In contrast, Roman Baldorioty de Castro, had been the leader of another faction inside the Autonomist Party, supported a territorial governance for Puerto Rico under Spain, similar to the Canadian model developed by the British. Before Baldorioty de Castro, other leaders had mentioned the possibility of autonomy, generally as an answer to the Spanish insistence in instituting special laws to govern the Spanish territories and overseas provinces.

During the last twenty years under the Spanish flag, the majority of the local parties, with the exception of the Partido Incondicional Español (Unconditional Spanish Party) embraced the idea of autonomy. The Incondicionales accepted whatever Spain had for Puerto Rico and the Crown duly recognized their support by giving aristocratic titles to their party's leaders.

=== 20th century ===
==== 1900-1940 ====
The Partido Republicano Puertorriqueño won the elections in 1900 and again in 1902. The new government of Puerto Rico, organized under the Foraker Act of 1900, was a mixture of the British and the American system, somewhat similar to that established for the territory of Orleans after the Louisiana Purchase. The House of Delegates was elected directly by the voters (male, propertied) and the equivalent to the Senate was the Cabinet appointed by the Governor and by the President of the United States. Muñoz-Rivera exiled himself to New York after the defeat, but returned once the Federal Party was no longer useful and joined Rosendo Matienzo Cintrón in organizing the Union Party, also with them was José de Diego.

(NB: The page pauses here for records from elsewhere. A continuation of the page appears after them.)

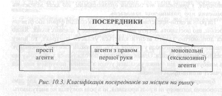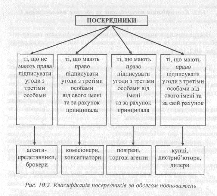 Посередників у зовнішній торгівлі можна класифікувати залежно від обсягу наданих їм повноважень і залежно від їхнього місця на ринку (рис. 10.2, 10.3).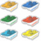 Add six different names or six of the same name to these pedal boat die cut stickers. Each sticker features an illustration of a brightly coloured pedal boat with a name below in a coordinating colour.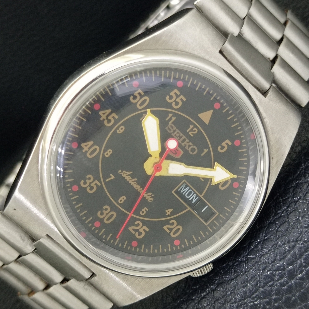 GENUINE VINTAGE SEIKO 5 AUTOMATIC JAPAN MENS 7019A BLACK DIAL WATCH a702396-1
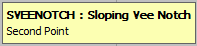 The Sloping Vee Notch command draws a Vee Notch based on points selected and width, with the chosen element being broken to accommodate the notch.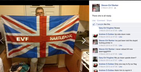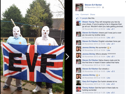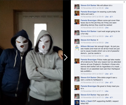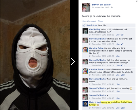 Today also unmasked are members of the EVF (English Volunteer Force) members in the North East of England ‘North East EVF’. So far it seems they’re mostly concentrated mostly in Hartlepool and consists of little more than a few nut jobs posing masked up in their house and garden.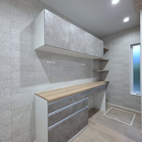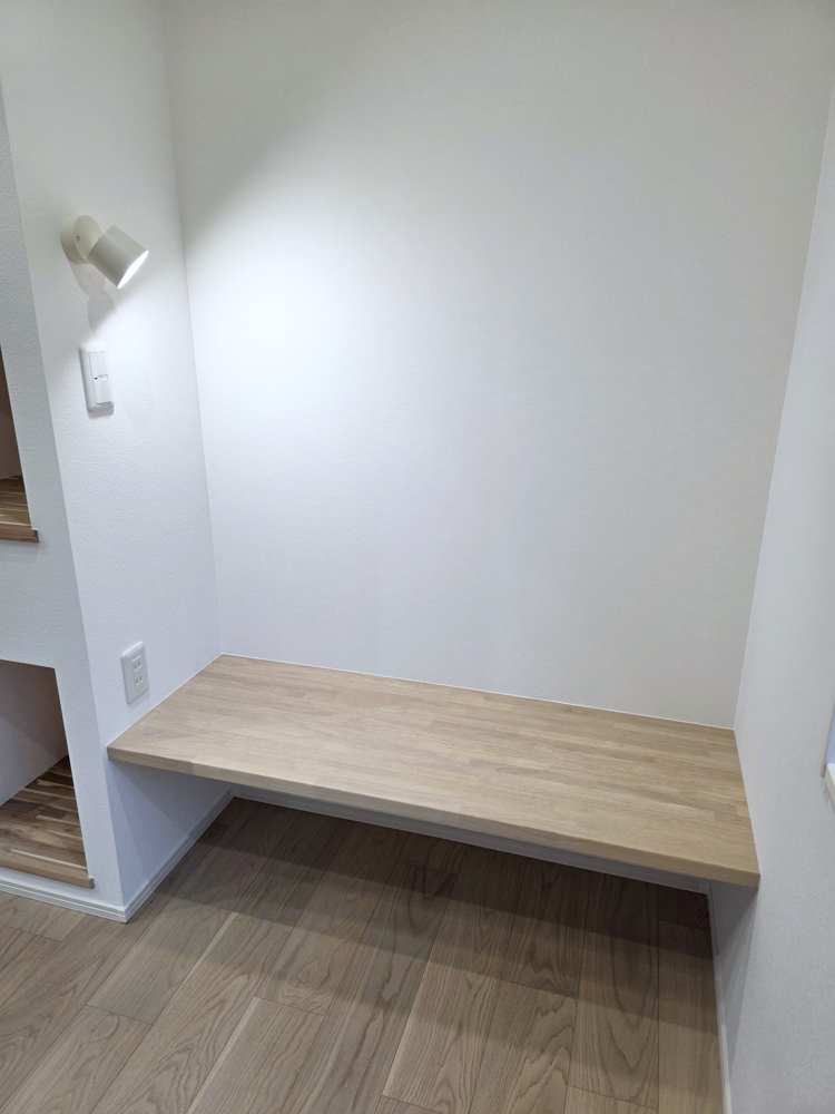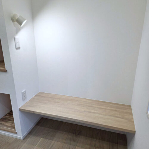 カスタヌック西側に机にもなるベンチを配置しました。ベンチ下に収納BOXをしまったり、スポットライトの下で読書も楽しめます。
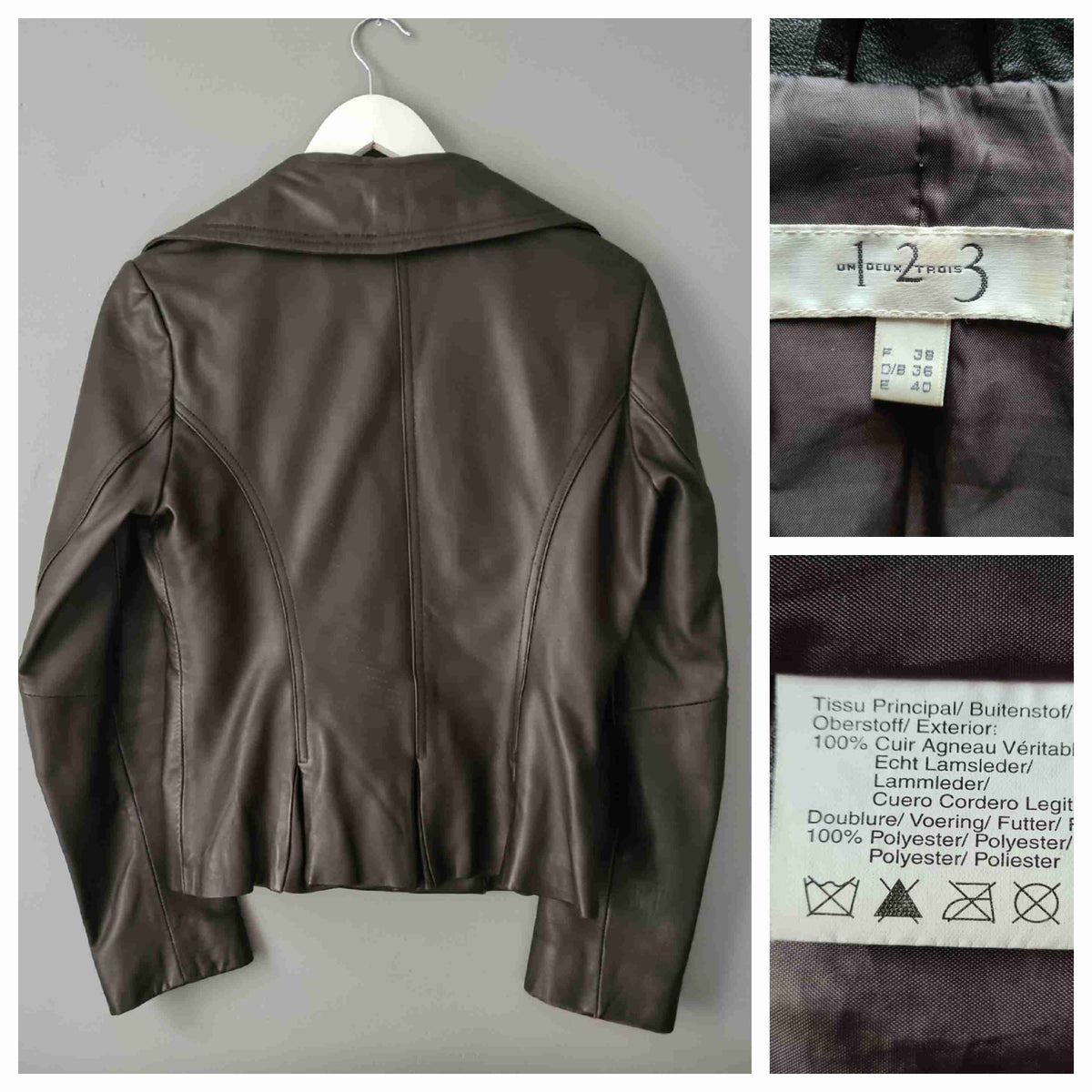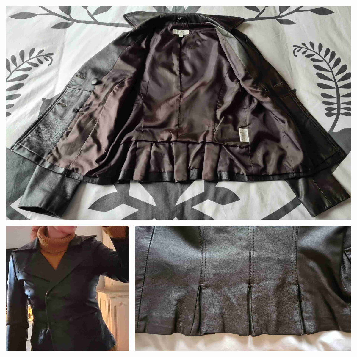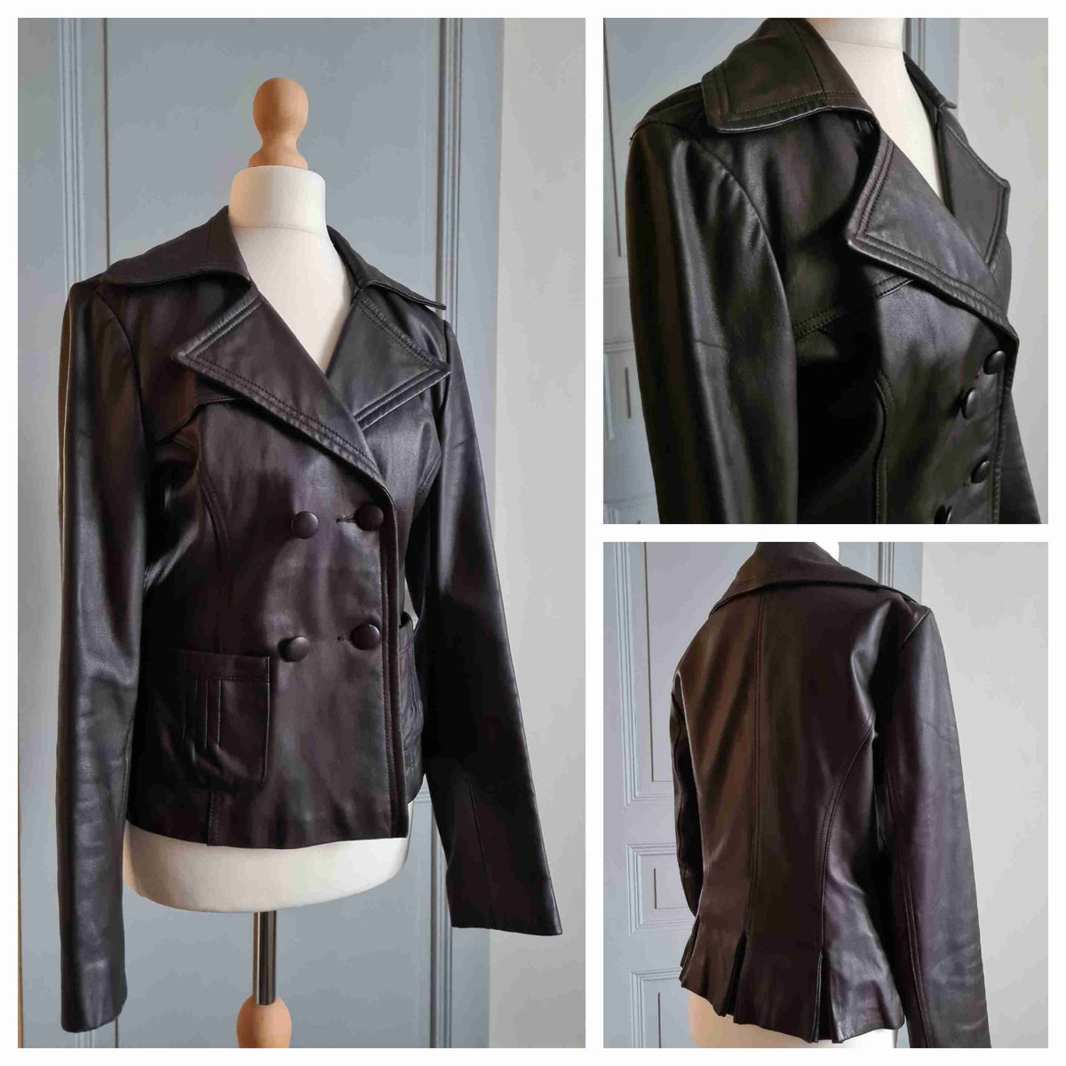 Prix unitaire parVeste courte en cuir, coloris chocolat, croisée deux boutons recouverts, doublée, coupe cintrée avec petits plis creux à l'arrière. 100% cuir d agneau.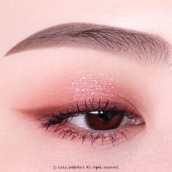 4. จากนั้นแตะอายแชโดว์โทนส้มอมแดงแบบเนื้อชิมเมอร์ทับลงไป เน้นช่วงกลางเปลือกตา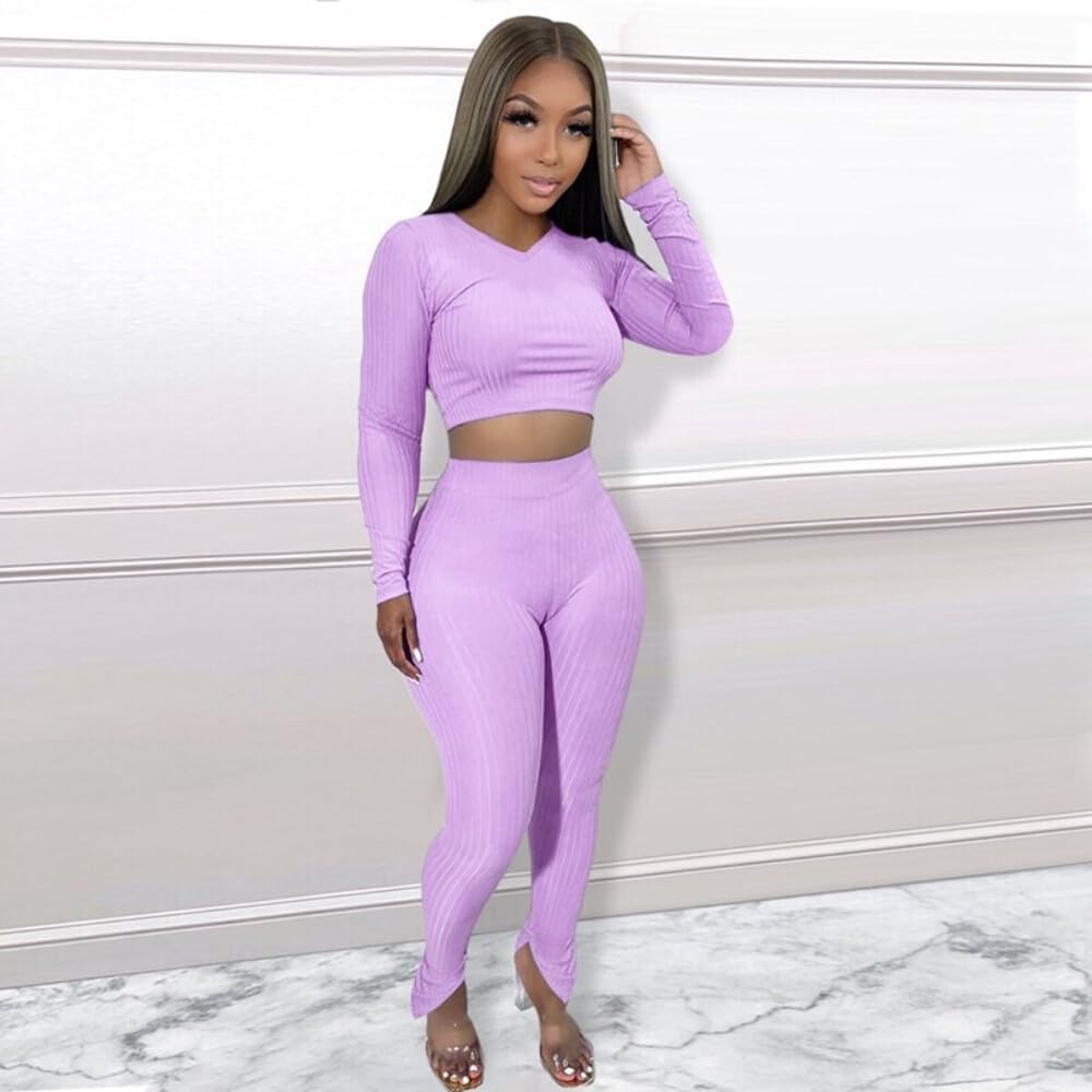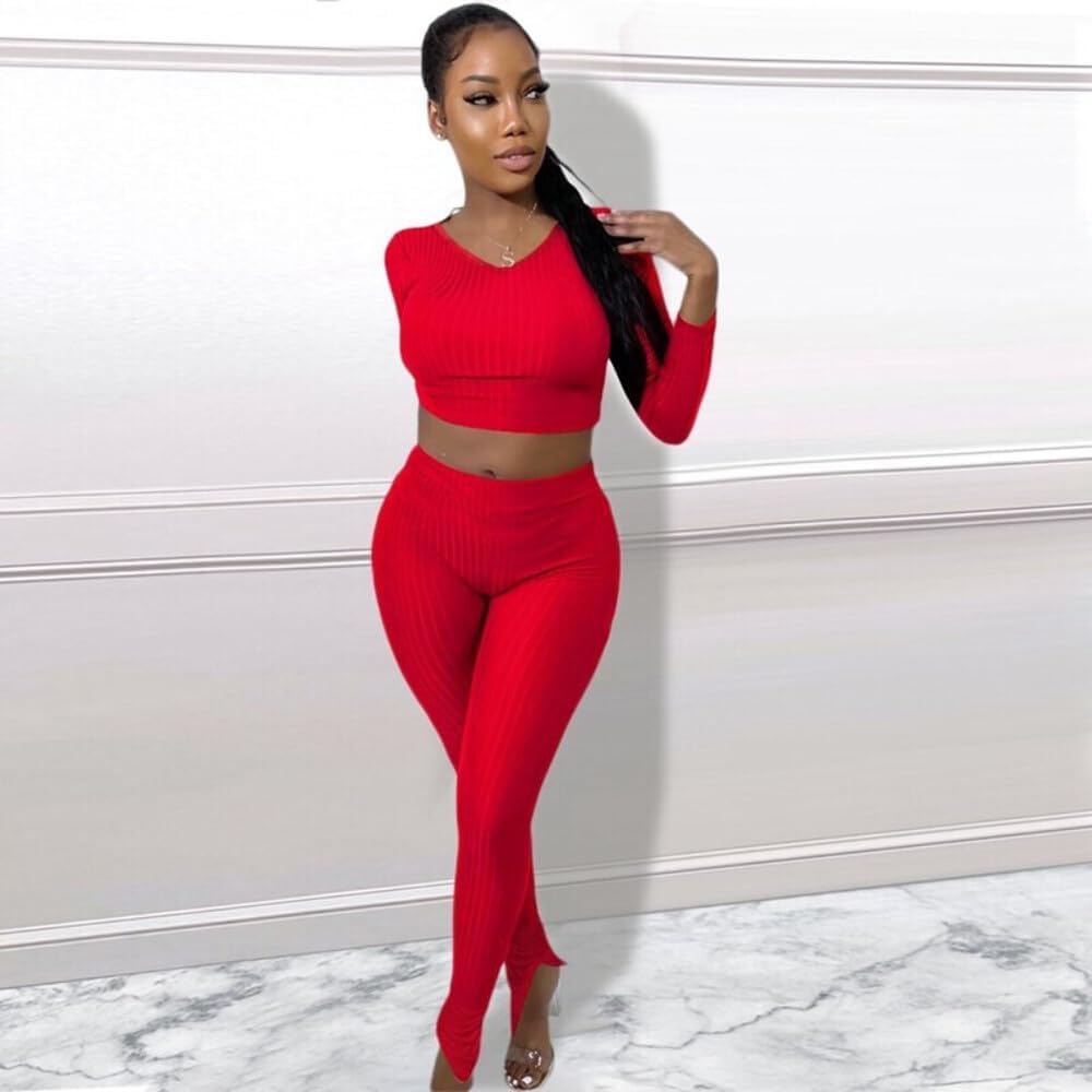 QueenLine 10pcs Wholesale Items for Business In Bulk Clothes Solid Knit Ribbed Two Piece Sets Women Fall Outfits Crop Top + Leggings Tracksuit Red S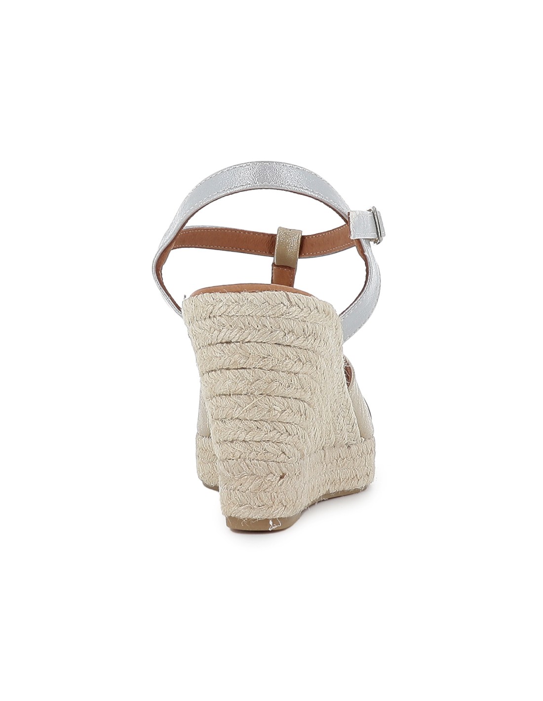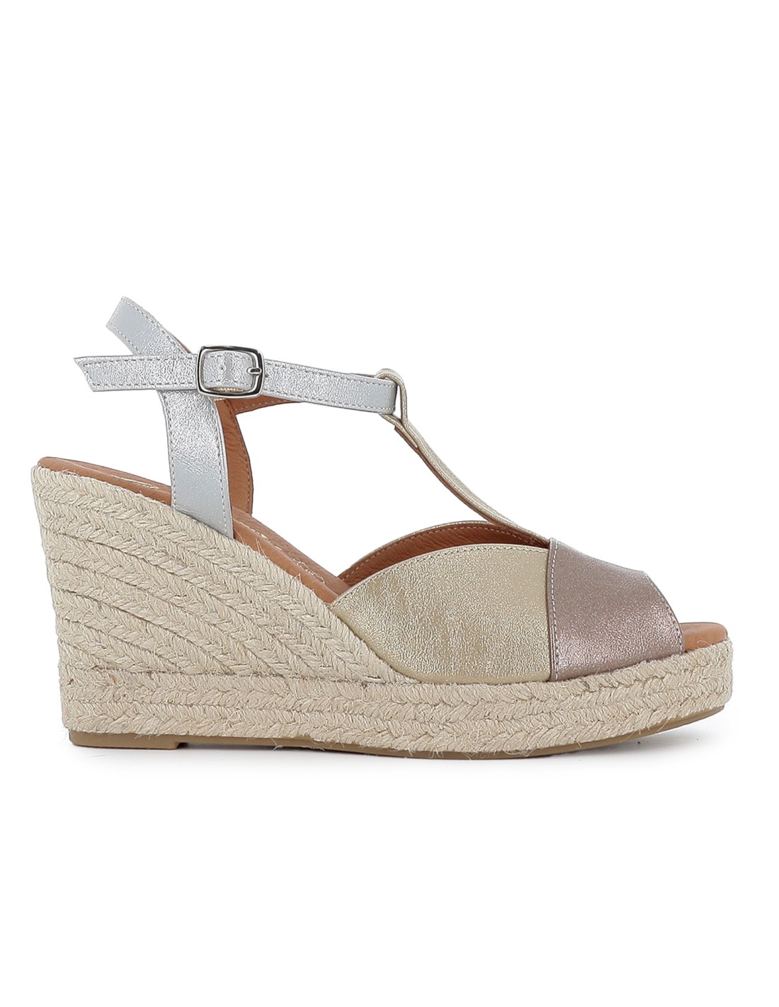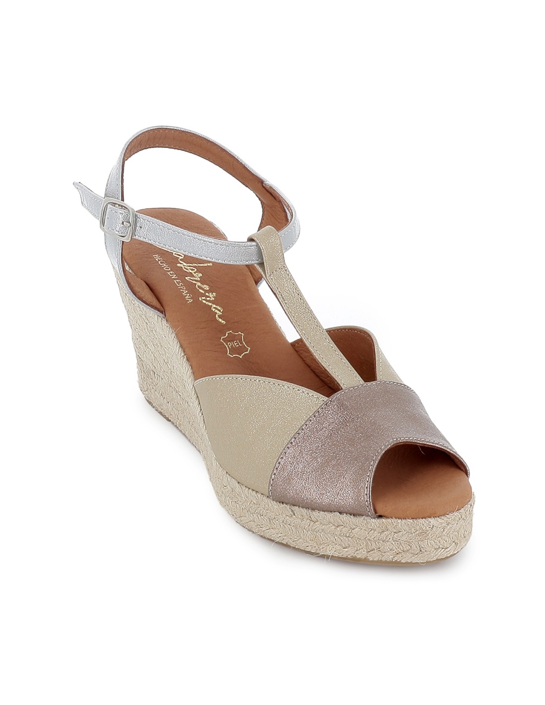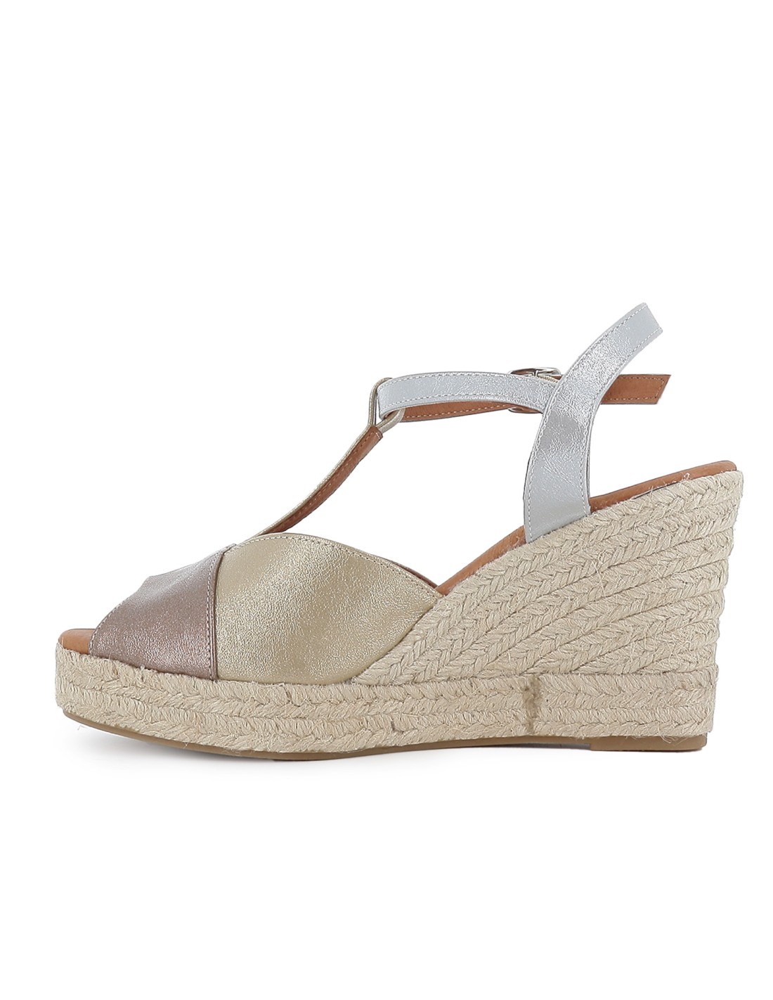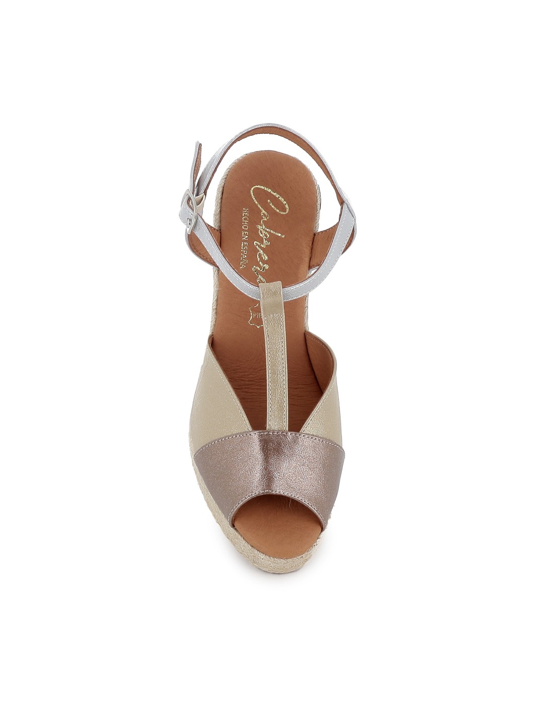 Sandalia plataforma yute napa forrada mujer dorada. Alpargatas tipo sandalia con suela yute fabricada en napa con 3 tonos metalizados forrada de piel con cierre mediante tira con hebilla a modo de pulsera en el tobillo. Plantilla de piel acolchada para un extraconfort que resulta muy comoda. Calzado basico para tu armario. Cabrera es una marca de fabricación española, concretamente ubicada en Elche, centrada en calzado de mujer de estilo tradicional y que su insigna de diferenciación es el uso del yute de alta calidad y la fabricación artesanal, haciendo que cada pieza sea única.

Matienzo Cintrón had been a Republican, supporting statehood. But two years into the new government, he realized that statehood would not be granted and the desired equality as citizens was not feasible under the United States. He brought with him other former Republicans and practically all of Muñoz-Rivera's Federalists into a party that was to bring about the union of all political groups. He was successful, they won the elections of 1904 and all subsequent elections until the 1920s when another defection of Republicans allowed for the creation of yet another party bringing into it persons supporting a status change.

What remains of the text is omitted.